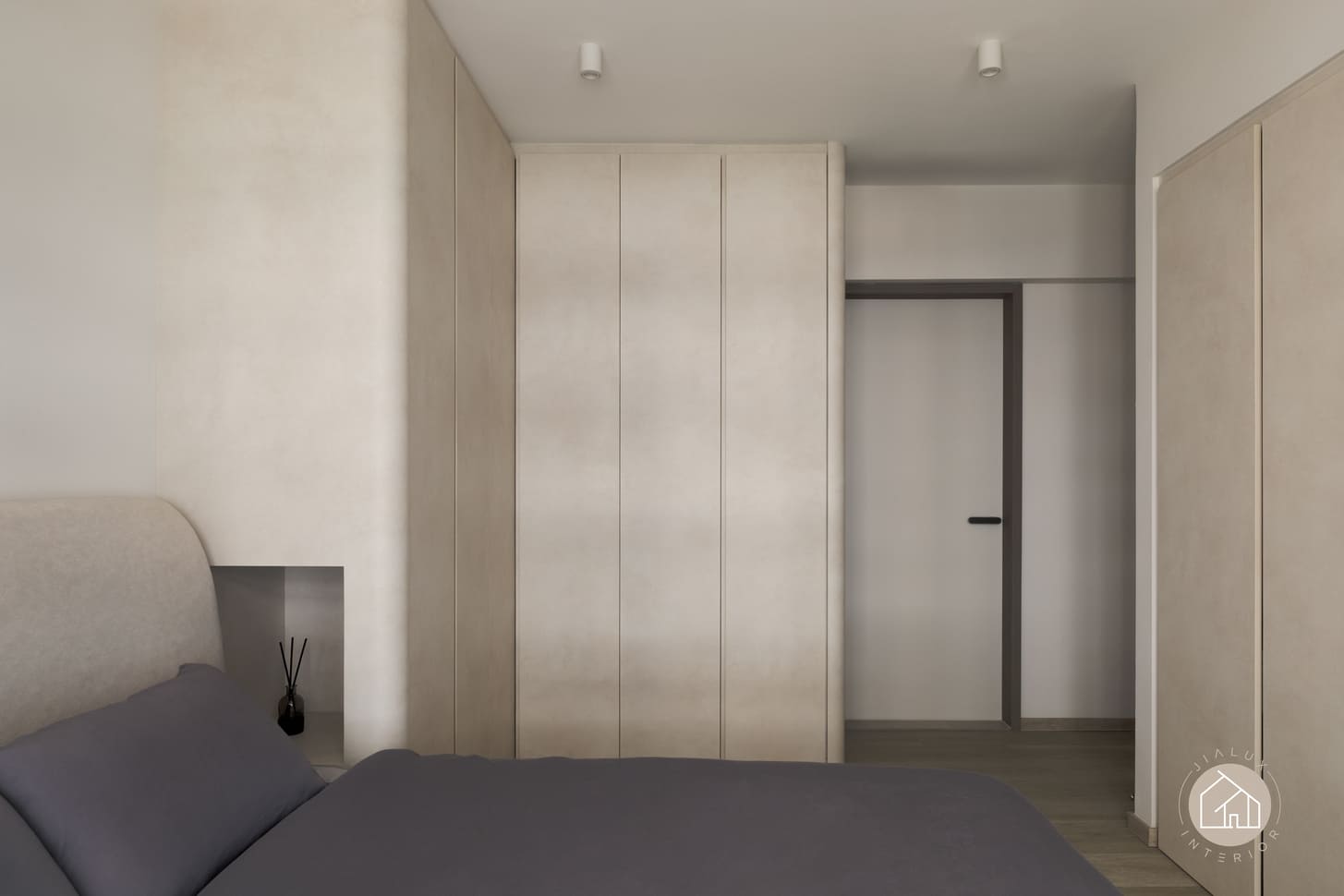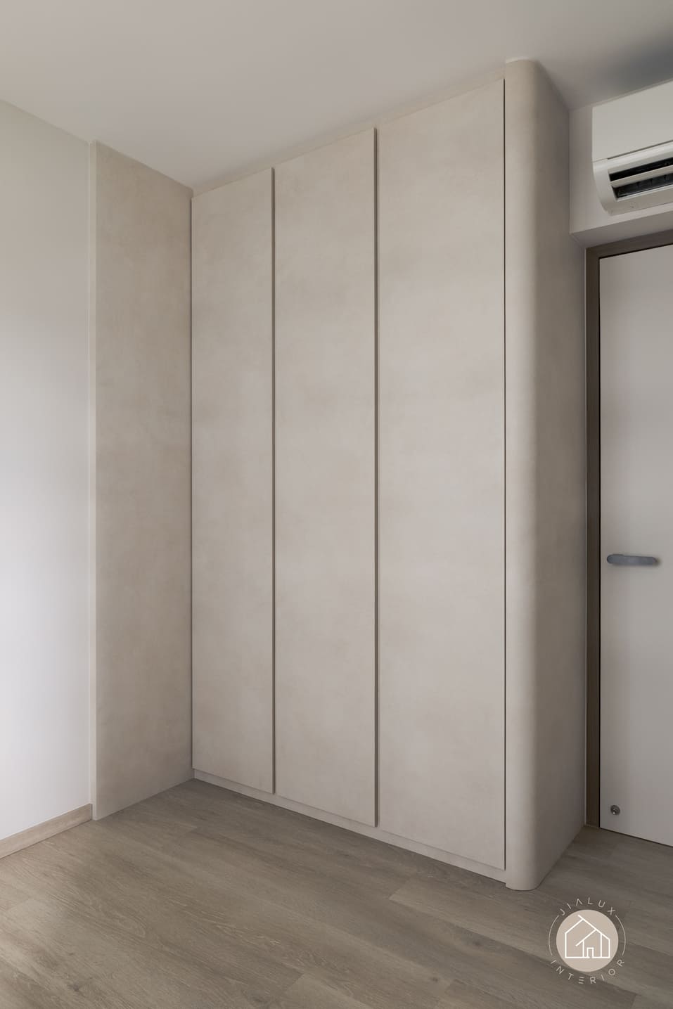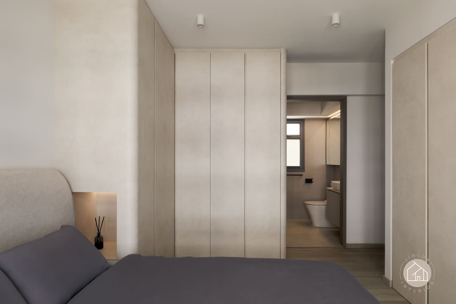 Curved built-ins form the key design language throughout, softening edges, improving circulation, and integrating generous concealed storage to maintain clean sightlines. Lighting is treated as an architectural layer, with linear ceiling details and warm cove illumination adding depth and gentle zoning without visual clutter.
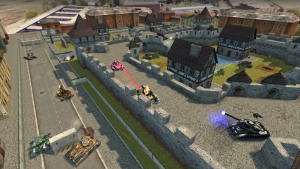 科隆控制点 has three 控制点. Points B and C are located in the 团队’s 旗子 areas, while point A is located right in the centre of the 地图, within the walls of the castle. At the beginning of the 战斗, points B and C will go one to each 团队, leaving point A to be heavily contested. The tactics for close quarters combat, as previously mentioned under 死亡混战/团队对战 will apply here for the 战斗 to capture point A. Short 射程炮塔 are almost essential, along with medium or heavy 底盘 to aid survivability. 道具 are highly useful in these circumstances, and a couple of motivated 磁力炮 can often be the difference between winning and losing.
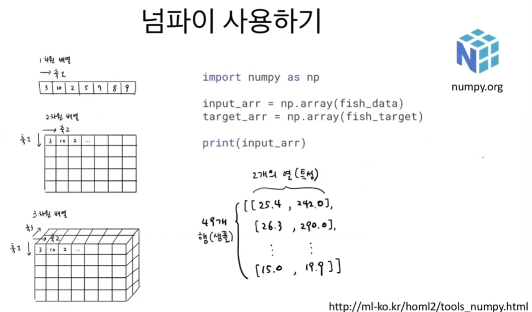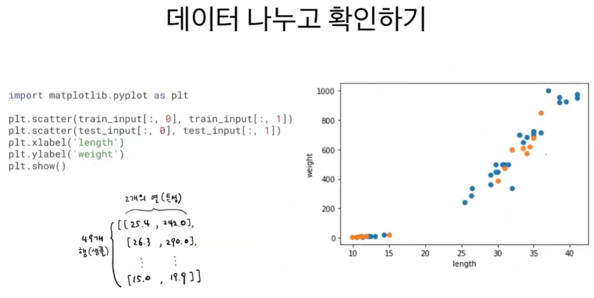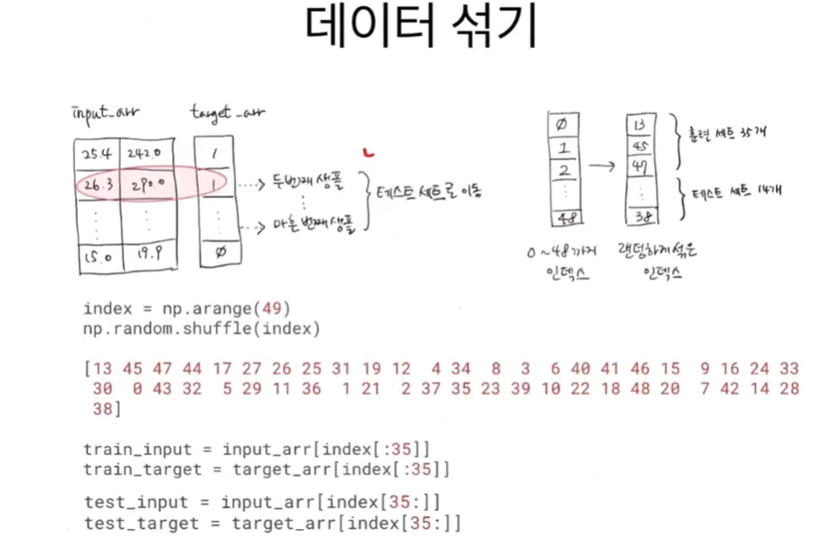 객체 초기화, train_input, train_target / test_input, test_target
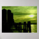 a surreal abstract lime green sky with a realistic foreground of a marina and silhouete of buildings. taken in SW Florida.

__________________________________________________

What to do: Excluding all images, transcribe the material word for word.

Output of the task:
 Curved built-ins form the key design language throughout, softening edges, improving circulation, and integrating generous concealed storage to maintain clean sightlines. Lighting is treated as an architectural layer, with linear ceiling details and warm cove illumination adding depth and gentle zoning without visual clutter.
 科隆控制点 has three 控制点. Points B and C are located in the 团队’s 旗子 areas, while point A is located right in the centre of the 地图, within the walls of the castle. At the beginning of the 战斗, points B and C will go one to each 团队, leaving point A to be heavily contested. The tactics for close quarters combat, as previously mentioned under 死亡混战/团队对战 will apply here for the 战斗 to capture point A. Short 射程炮塔 are almost essential, along with medium or heavy 底盘 to aid survivability. 道具 are highly useful in these circumstances, and a couple of motivated 磁力炮 can often be the difference between winning and losing.
 객체 초기화, train_input, train_target / test_input, test_target
 a surreal abstract lime green sky with a realistic foreground of a marina and silhouete of buildings. taken in SW Florida.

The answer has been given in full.